▶ **WHAT THE TASK ASKS**:
Only the lines from the one with "Ручка шариковая синяя" to the end of the listing below should be set down, exactly as written and without any pictures.

▶ **INFORMATION SUPPLIED**:
········

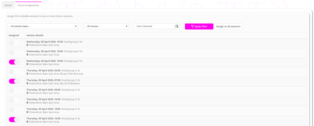 To assign the workout to all sessions matching the current filter, click the Assign to all sessions button.
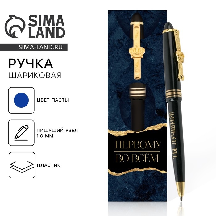 Ручка шариковая синяя паста 1.0 мм «Первому во всем» пластик, подарочная
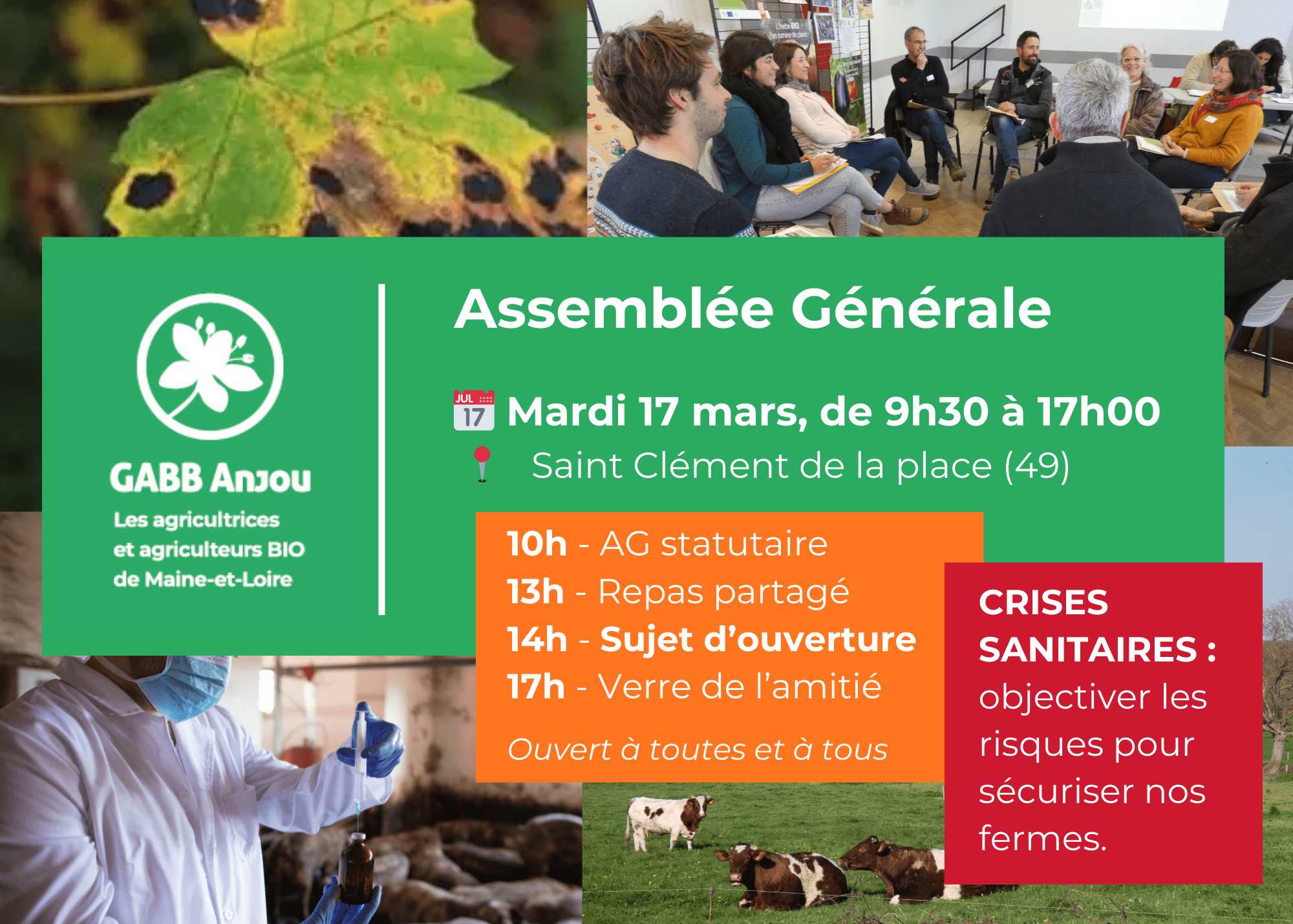 Toute l’équipe du GABB Anjou vous donne rendez-vous le mardi 17 mars, de 9h30 à 17h, à la salle Hugues Aufray, à Saint Clément de la place, pour sa traditionnelle assemblée générale. Ne ratez pas ce moment fédérateur.

········

▶ **RESPONSE TO THE EXERCISE**:
 Ручка шариковая синяя паста 1.0 мм «Первому во всем» пластик, подарочная
 Toute l’équipe du GABB Anjou vous donne rendez-vous le mardi 17 mars, de 9h30 à 17h, à la salle Hugues Aufray, à Saint Clément de la place, pour sa traditionnelle assemblée générale. Ne ratez pas ce moment fédérateur.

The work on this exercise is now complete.